Chacun se souvient sans doute des films qui l’ont marqué dans sa jeunesse et qui ont contribué à faire de lui un cinéphile. À cet égard les Lausannois ont peut-être été des privilégiés avec, dès les années 50, la présence de la Cinémathèque suisse dans la capitale vaudoise, les séances de la Maison du Peuple, puis celles du Cinéma Bio, de l’Aula de Béthusy ou de l’Université. Sans vouloir remonter jusqu’aux frères Lumière, mais pour tenter peut-être de placer un ou deux points de repère temporels, on donnera la parole à un réalisateur (espagnol) bien connu, Pedro Almodóvar, qui, il y a huit ans (il avait alors dépassé la soixantaine), rappelait sa propre découverte du cinéma: «Je suis un gosse de province. Dans le monde dans lequel je vivais alors, les films nous donnaient de la vie. (…) Je n’imagine pas ce qu’aurait été mon existence si j’avais dû être privé de cinéma. Et je ne le dis pas parce que je suis devenu réalisateur: pour mes amis du collège c’était très important aussi, et pour tous ceux-là le cinéma était également quelque chose d’essentiel. Le cinéma c’est la vie, une vie secrète qui encourage, accompagne, conforte et secoue d’émotion le spectateur. Pour moi le pire est d’amputer cette émotion. (…) Le cinéma a cette capacité à être, davantage qu’un bien commercial ou un produit culturel, une substance explosive et vivante, qui remplit les âmes et pas seulement les heures de loisir.»


Almodóvar écrivait ces lignes en 2013. Où en était-on alors?
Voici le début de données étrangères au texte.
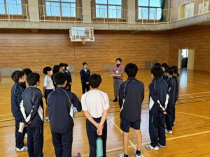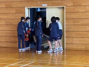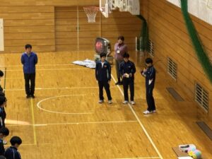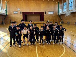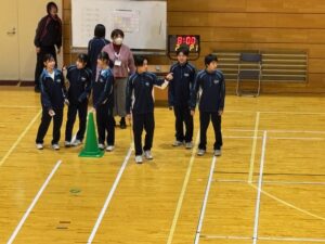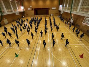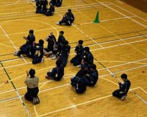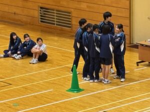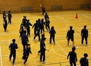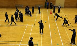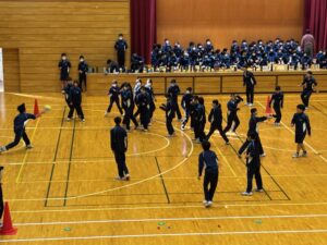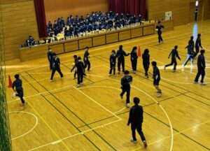 19日(金)の1~2限に学期末恒例の体育委員会によるレクリエーション大会が行われ、「王様ドッジ」で楽しいひとときを過ごしました。ルールは、「大原則として男女混合・クラス対抗で行い、予め決めてある各クラス2名の王様に早く当てたクラスの勝ち」というもので、生徒たちは各クラスの作戦に従い、一生懸命プレーしました。結果は1位1組、2位2組でした。企画運営をがんばった2年生体育委員の皆さん、ありがとうございました。

La machine-cinéma tournait bien, le nombre de sorties de films était en hausse, l’industrialisation du 7e art poursuivait son chemin, les canaux de diffusion se multipliaient (certains longs métrages sortaient directement en VOD), mais en même temps la durée de vie des films sur les grands écrans des salles obscures semblait se réduire. La version française de Netflix était déjà lancée, proposant un catalogue de 100'000 longs métrages et séries disponibles en streaming, sur de multiples supports (TV, ordinateurs, tablettes, etc.)


Le cinéma n’était déjà plus celui que décrivait Almodóvar, à savoir «un cinéma qui encourage, accompagne, conforte et secoue». Quant à la critique cinématographique qui, de son côté, s’était exprimée jusque-là par le canal de publications spécialisées, elle voyait son monopole égratigné par l’arrivée sur le marché des «blogs», à la fin des années 80. Le blog était, au départ, le lieu où un spectateur pouvait faire part de ses impressions personnelles, avec l’idée de les partager avec autrui, sans trop se prendre au sérieux. Mais aujourd’hui les choses ont changé et les blogs tendent à se professionnaliser: le «critique» qui s’exprime ainsi sur internet, de par le nombre de «lecteurs» qu’il attire, estime qu’il participe à la destinée des œuvres, y compris sur le plan commercial. Et l’industrie du cinéma le sait aussi, qui livre à certains blogueurs des bandes-annonces et des interviews. Tout spectateur potentiel d’un film peut ainsi consulter commentaires et remarques, gratuitement, sur tous les sites qui en parlent. Plus que la critique traditionnelle, ces sites sont à disposition de tout un chacun, véhiculant des avis (très) personnels et présentant en outre des films «sur mesure».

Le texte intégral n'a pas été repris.